In the USA, there was the famous (infamous?) Trail of Tears in 1838 occurring with the Native American population.

From Wikipedia:

The Trail of Tears was the forced relocation and movement of Native Americans from their homelands to Indian Territory (present day Oklahoma) in the Western United States. The phrase originated from a description of the removal of the Choctaw Nation in 1831. Many Native Americans suffered from exposure, disease, and starvation while en route to their destinations, and many died, including, for example, 4,000 of the 15,000 relocated Cherokee. Thousands of enslaved and free African-Americans (as slaves accompanying their Native American slaveowners and as former runaway slaves that were assisted by, assimilated by, or married to members of the tribes) accompanied the removed nations on the Trail of Tears.

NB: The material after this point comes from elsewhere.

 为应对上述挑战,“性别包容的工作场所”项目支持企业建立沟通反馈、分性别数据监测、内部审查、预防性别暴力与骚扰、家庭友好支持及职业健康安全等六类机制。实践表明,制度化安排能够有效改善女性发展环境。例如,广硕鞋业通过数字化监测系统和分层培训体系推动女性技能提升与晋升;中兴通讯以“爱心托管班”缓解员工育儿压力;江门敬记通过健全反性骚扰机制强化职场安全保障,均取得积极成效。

In 1831, the Cherokee, Chickasaw, Choctaw, Muscogee (Creek), and Seminole (sometimes collectively referred to as the Five Civilized Tribes) were living as autonomous nations in what would be called the American Deep South. The process of cultural transformation (proposed by George Washington and Henry Knox) was gaining momentum, especially among the Cherokee and Choctaw. Andrew Jackson was the first U.S. President to implement removal of the Native Americans with the passage of the Indian Removal Act of 1830. In 1831 the Choctaw were the first to be removed, and they became the model for all other removals. After the Choctaw, the Seminole were removed in 1832, the Creek in 1834, then the Chickasaw in 1837, and finally the Cherokee in 1838.

Victorian Racism

The Comparative Worth of Different Races from the Heredity Genius (1869), pioneering eugenicist Francis Galton makes several references to the relative superiority of Europeans compared to what he called 'the lower races'. Although Galton was a gifted statistician, he was a significant contributor to the development of racist ideology.

Galton's work appears online HERE.

Gatlon states "the number among the Negroes of those whom we should call half-witted men, is very large" saying Negores are"so childish, stupid, and simpleton-like, as frequently to make me ashamed of my own species".

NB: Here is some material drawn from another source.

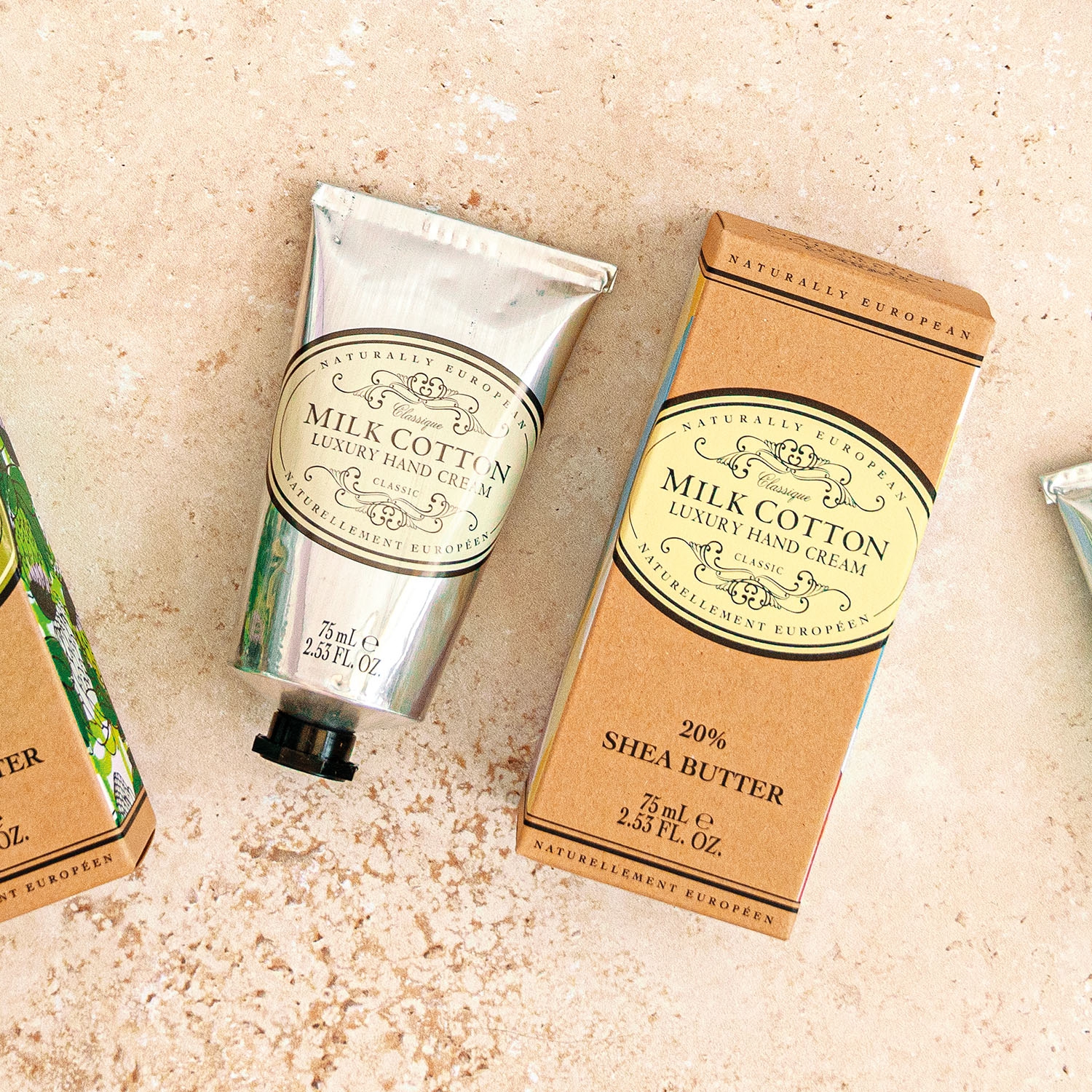 Die Handcremes von Naturally European sind angereichert mit 20% Sheabutter. Die reichhaltige Textur schmilzt sanft auf der Haut und sorgt für glatte und gepflegte Haut.

Prominent Victorians—like George Bernard Shaw, HG Wells, Harold Laski, Charles Dickens—supported the idea of racial purity.

Many hold that the Victorians were the proto-type for the Nazis and set the ground work in motion for them to build upon.

With respect to Victorian Era holocausts, Lord Lytton, the Viceroy of India in 1876. It would be the same year famine broke out in southern India that claimed 5.5 million lives. Lytton wrote,
"The grim doctrines of Thomas Malthus... still held great sway over the white rajas. Although it was bad manners to openly air such opinions in front of the natives in Calcutta, Malthusian principles, updated by Social Darwinism, were regularly invoked to legitimize Indian famine policy at home in England".

Lytton’s administration pushed the Anti-Charitable Contributions Act of 1877 in England prohibiting private relief and charitable donations for starving Indians illegal & threatened imprisonment. In 1878, he pushed the Vernacular Press Act that gave him the power to confiscate the press and paper of a local language newspaper publishing 'seditious material'. There was a public outcry in Calcutta led by the Indian Association.